Input data

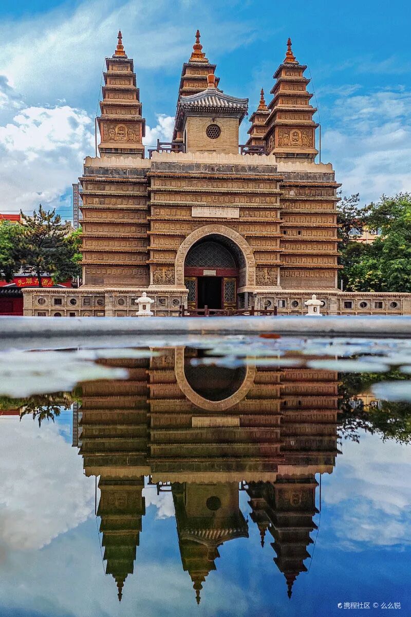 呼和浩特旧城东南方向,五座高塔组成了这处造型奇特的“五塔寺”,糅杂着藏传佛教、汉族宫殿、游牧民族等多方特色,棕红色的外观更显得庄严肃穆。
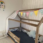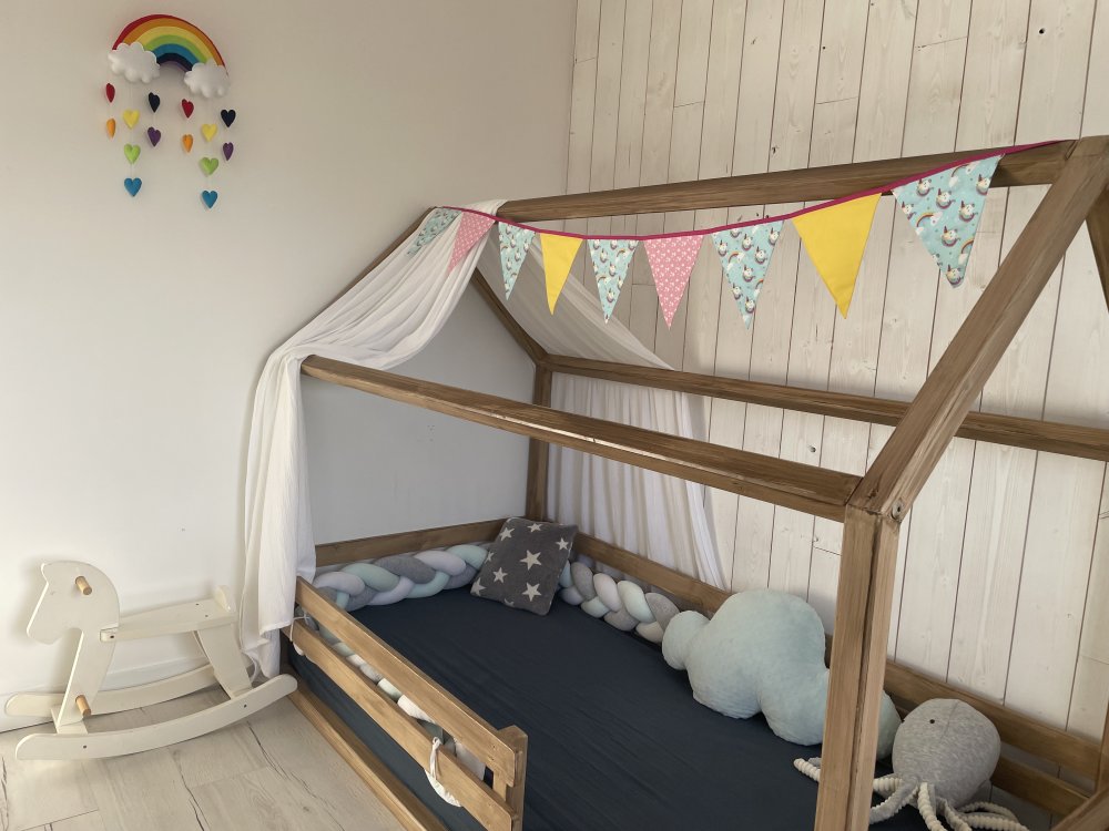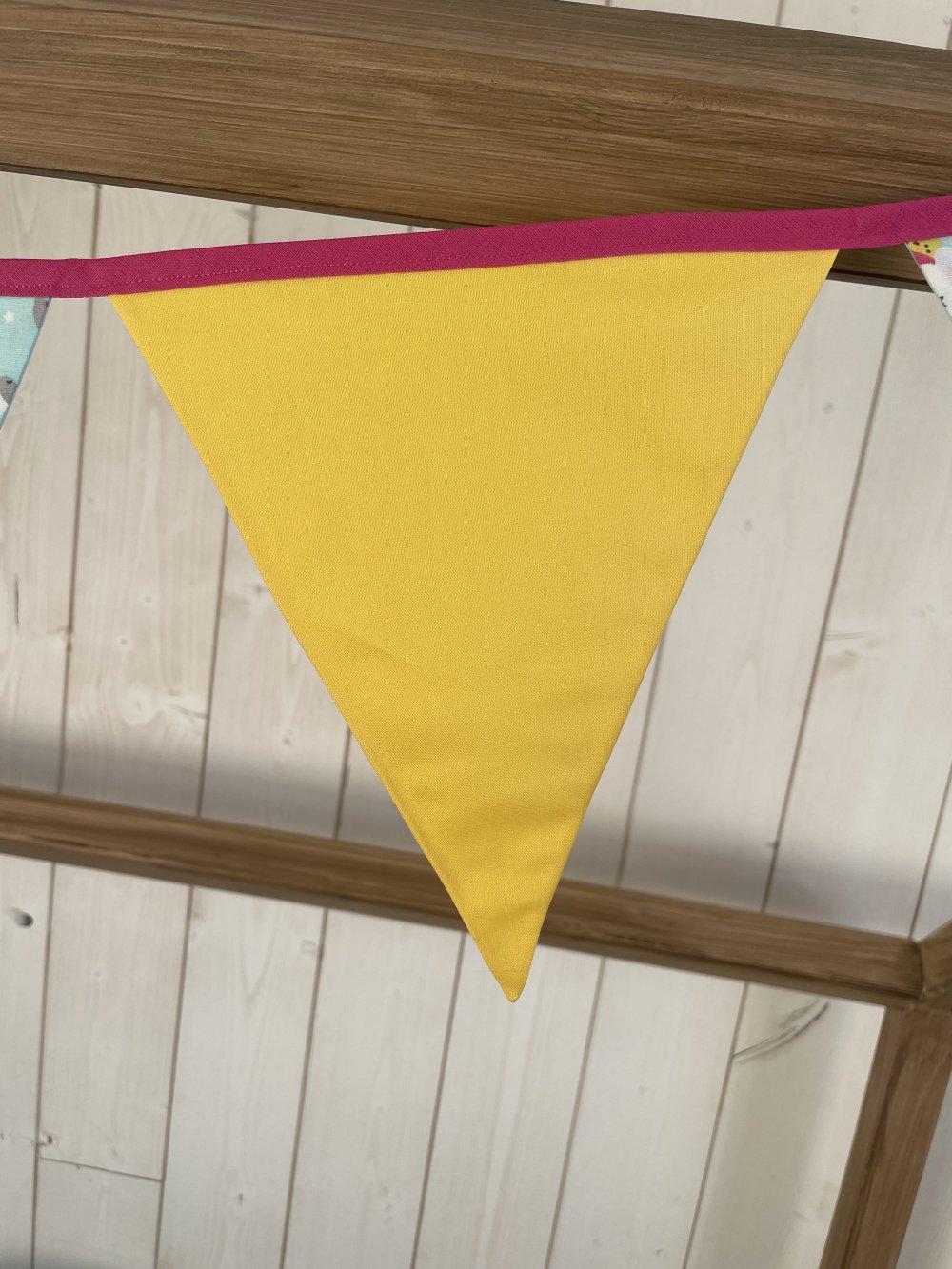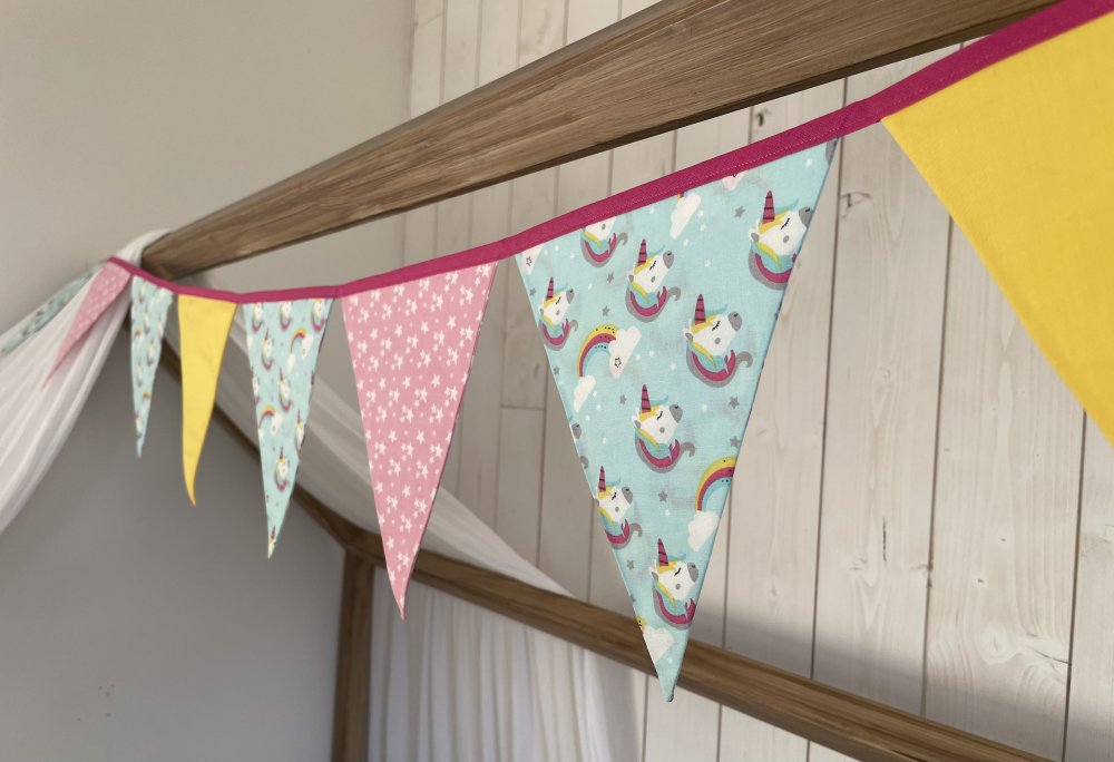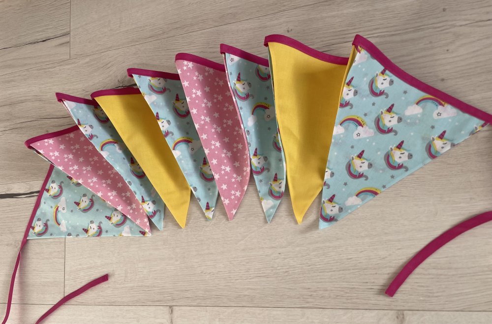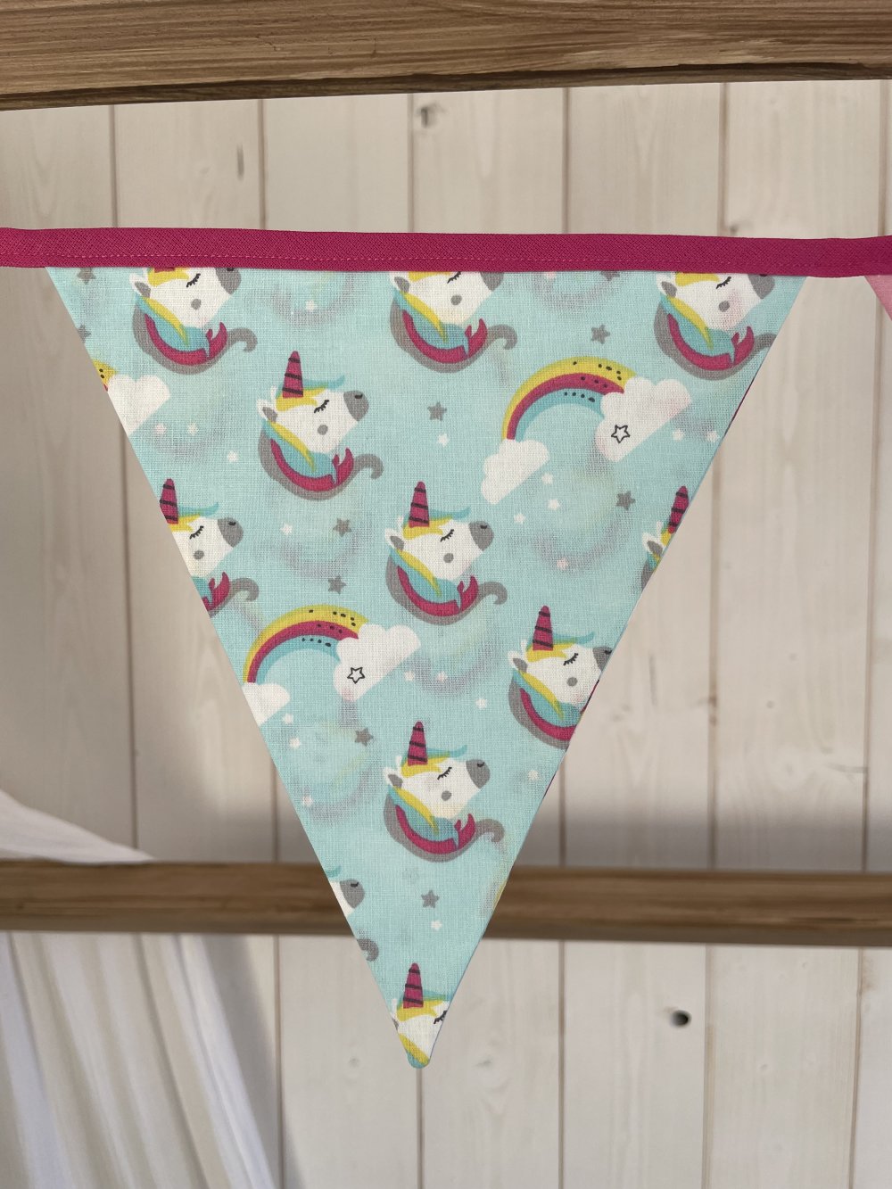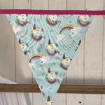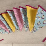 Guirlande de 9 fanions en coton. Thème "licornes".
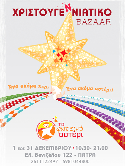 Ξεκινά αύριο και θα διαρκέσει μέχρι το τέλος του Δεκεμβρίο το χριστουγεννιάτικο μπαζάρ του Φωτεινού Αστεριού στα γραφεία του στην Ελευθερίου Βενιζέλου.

Aim of the task
Transcribe the full listing above exactly as it stands, minus the pictures.

Answer to this exercise
 呼和浩特旧城东南方向,五座高塔组成了这处造型奇特的“五塔寺”,糅杂着藏传佛教、汉族宫殿、游牧民族等多方特色,棕红色的外观更显得庄严肃穆。
 Guirlande de 9 fanions en coton. Thème "licornes".
 Ξεκινά αύριο και θα διαρκέσει μέχρι το τέλος του Δεκεμβρίο το χριστουγεννιάτικο μπαζάρ του Φωτεινού Αστεριού στα γραφεία του στην Ελευθερίου Βενιζέλου.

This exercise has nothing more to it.